"Oh ... ternyata soal itu," Nisa kembali bersikap santai lalu melanjutkan pekerjaannya. "Memang ... aku pun tak bisa menyangkalnya, begitu banyak yang aku sembunyikan darinya. Tapi aku janji, suatu saat aku akan memberitahukan segalanya."
"Suatu saat itu kapan? Semakin lama kau menyembunyikannya, semakin besar pula rasa kecewa yang suamimu dapat. Apa kau mau mengulangi kesalahan ayahmu hah?!"
"Ibu bercanda, mana mungkin aku sanggup menunggu selama itu. Toh suamiku orang yang kuat, dia tak akan mengancam untuk mengakhiri hidupnya dengan mengarahkan gunting ke lehernya."
"Kauu!!"
"Kenapa?
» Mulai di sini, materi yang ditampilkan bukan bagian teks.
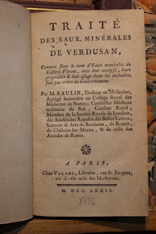 Paris, chez Valade, Libraire 1772 In-16 16,5 x 9,5 cm. Reliure postérieure XIXe s. demi-chagrin brun, dos à nerfs, 184 pp., plan replié des sources minérales de Verdusan, table des sommaires. Ex-libris de la bibliothèque du président Sacase. Reliure légèrement frottée, intérieur correct.
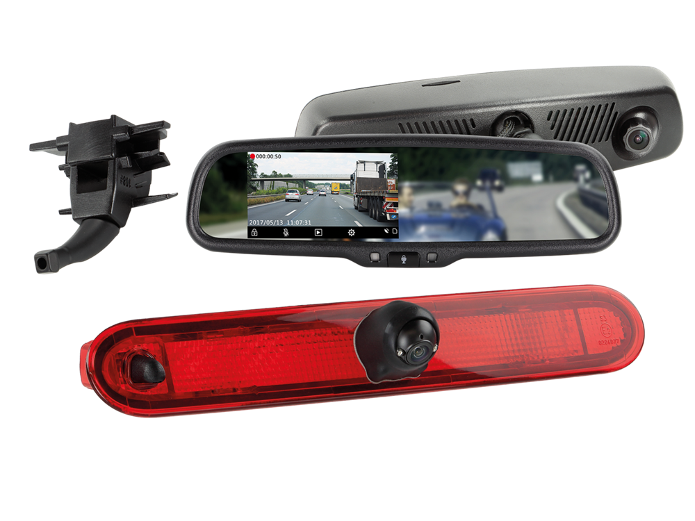 Extras: front full HD dash cam / DVR function / self dimmimg / automatically adjusts brightness of monitor / automatically switches on via trigger wire
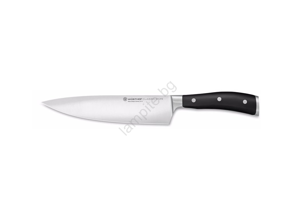 • Кованият нож е изработен от едно цяло парче хром-молибден-ванадиева неръждаема стомана.
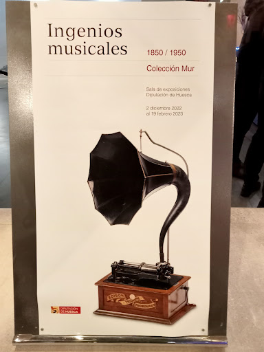 Siempre es que vengo a Huesca encuentro exposiciones interesantes en va esta sala de la Diputación Provincial de Huesca (DPH). En este viaje he encontrado dos eventos expositivos. El primero, en la sala de siempre, se presentaba al público una llamativa muestra de instrumentos para la reproducción musical desde sus inicios históricos. La exposición es muy interesante, máxime por provenir de la colección de un particular, aunque podrían haber trabajado más y mejor su exposición (más vídeos, un sistema de audición de los instrumentos expuestos,...) porque son instrumentos musicales que no se pueden escuchar. Hay además algunas curiosidades estupendas. Estoy pensando en un gramófono "estéreo", un primitivo reproductor Thorens, agujas de gramófono de Pailhard, el primer gramófono de rollos de cera de Edison (en el que el propio Tomás Alba Edison grabó las primeras palabras que el hombre pudo reproducir y que decían " Mary tenía una ovejita de blanco y suave vellón y donde Mary iba andando, la ovejita le iba en pos" traducción libre del inglés),... Es una exposición totalmente recomendable para chicos y chacos. Yo la he disfrutado como un enano. Os dejo adjuntas unas fotografías y sus cartelas para tentaros a acudir a verla.
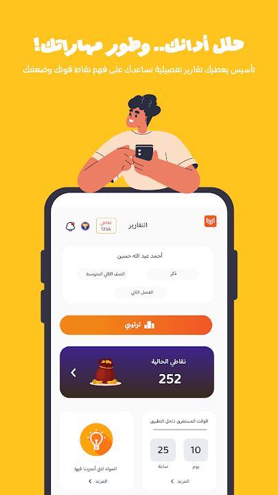 تطبيق تعليمي يحتوي على مراحل تعليمية تناسب جميع الأعمار، في كل مرحلة مجموعة صفوف ولدينا مواد لكل المراحل وأقسام فرعية لكل مادة ، هناك مجموعة أسئلة لكل قسم تستطيع تقييم أدائك وحل الاختبارات والارتقاء بمستواك التعليمي
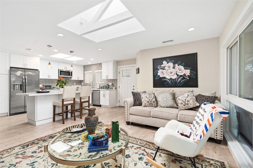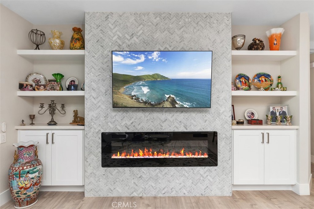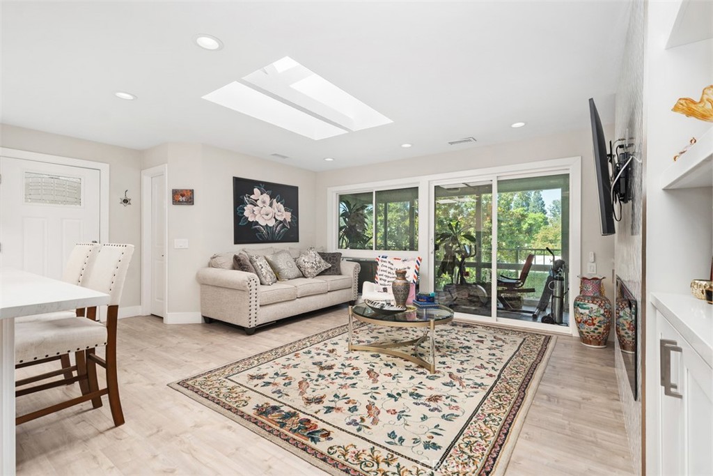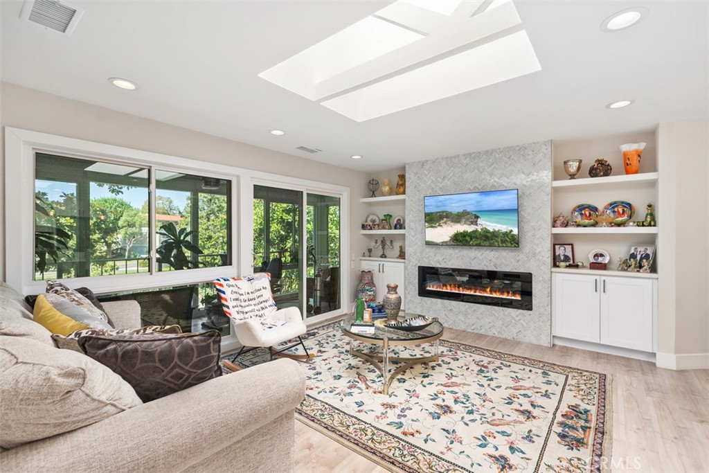 GORGEOUS home in the premier community of Laguna Woods Village has been completely remodeled. No expense spared for this Casa Linda floor plan. There are no stairs leading from the nearby carport and no residences above the unit. The home only shares one common wall with neighbors offering additional privacy. Newer flooring throughout with tasteful tile/stone work within the bathrooms. There are quartz counters, stainless steel appliances and newer cabinetry in both the kitchen and bathrooms. Custom built-in entertainment center includes an electric fireplace, a flat screen TV to rest above and bookshelves with cabinets on either side. The master bedroom includes a walk-in closet, a master bathroom with a generously sized shower. The home includes a washer/dryer, 3 newer skylights, newer solar tubes, recessed lights and a newer central cooling and heating system. There is a private enclosed balcony with porcelain tiling overlooking the neighborhood. Laguna Woods Village is a thriving community with many activities to enrich your lifestyle! Living here is like belonging to a country club.
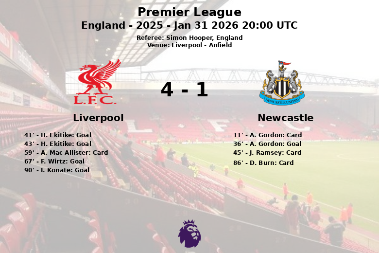 Hugo Ekitike rápidamente respondió para el Liverpool con dos goles consecutivos a los minutos 41 y 43, dando la vuelta al marcador antes del descanso. En la segunda mitad, Florian Wirtz amplió la ventaja al minuto 67, con una asistencia de Mohamed Salah, consolidando el dominio del Liverpool. El golpe final lo dio Ibrahima Konate en el minuto 90, sellando la victoria.
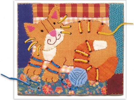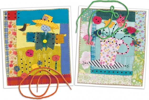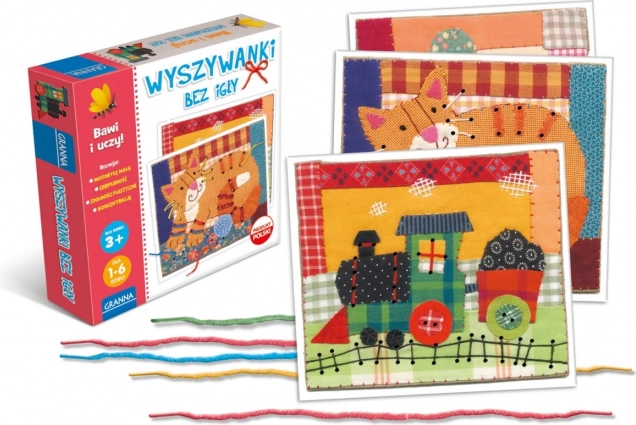 Acum treci la treabă! În cutie vei găsi șnururi colorate și imagini frumoase în stil patchwork. Iar pe imagini vei vedea o locomotivă, o sperietoare de ciori, o pisică, un om de zăpadă și alte minunății. Acum poți broda și fără ac!
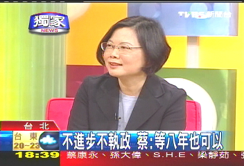 当被问到民进党什么时候可以重新“执政”时,蔡英文表示,8年也还可以勉强接受。图片来源:台湾TVBS
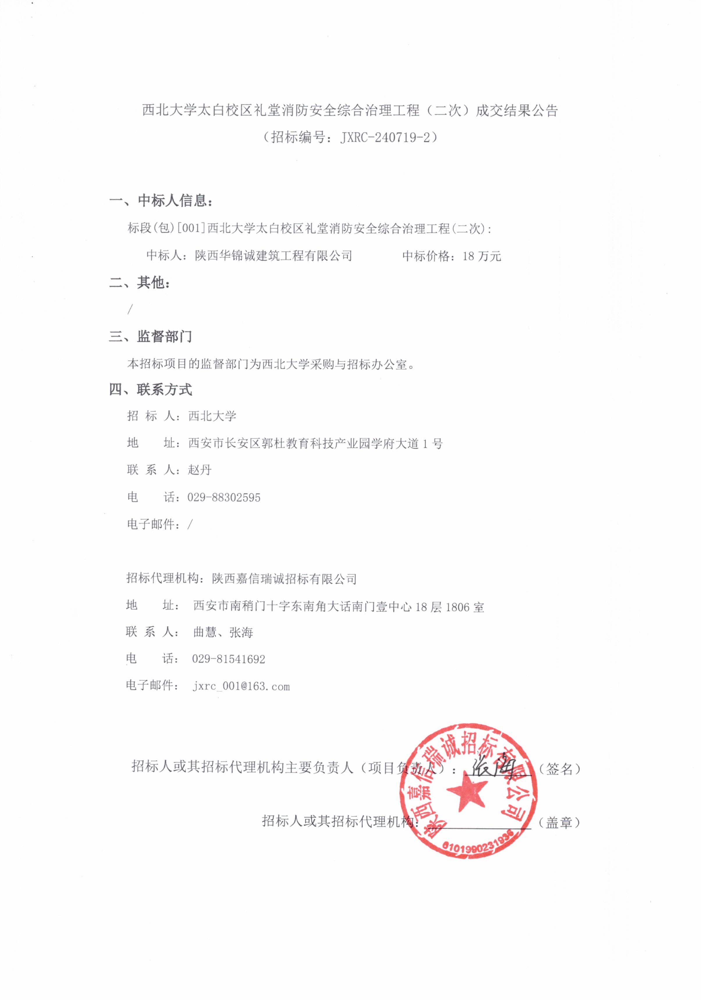 米兰买球太白校区礼堂消防安全综合治理工程(二次)成交结果公告

Merasa tersindir? Kasusku berbeda dengan ayah, ibu harus ingat ini. Ibu baru mengetahui identitas ayah sebagai ketua gangster ketika usia pernikahan kalian sudah 8 tahun. Ibu marah dan tak terima, sampai sekarang aku masih bertanya-tanya kenapa ibu harus sampai mengancam agar ayah berhenti saat ada aku, Reihan, Dimas yang masih anak-anak. Ingatan itu masih jelas sampai sekarang."
"Nisa, waktu itu i-ibu ..."
"Apa? Toh semuanya berjalan seperti keinginan ibu, ayah hanya punya satu pilihan, yaitu berhenti. Lalu ayah mengumumkannya di depan seluruh anggota, dan tentu saja ada keributan besar karena ketua mereka tiba-tiba memutuskan untuk berhenti. Bahkan para paman ... maksudku para petinggi dari generasi sebelumnya, sebagian besar dari mereka menentang keputusan ayah. Hanya sepertiga yang bersedia mengikuti keputusan ayah."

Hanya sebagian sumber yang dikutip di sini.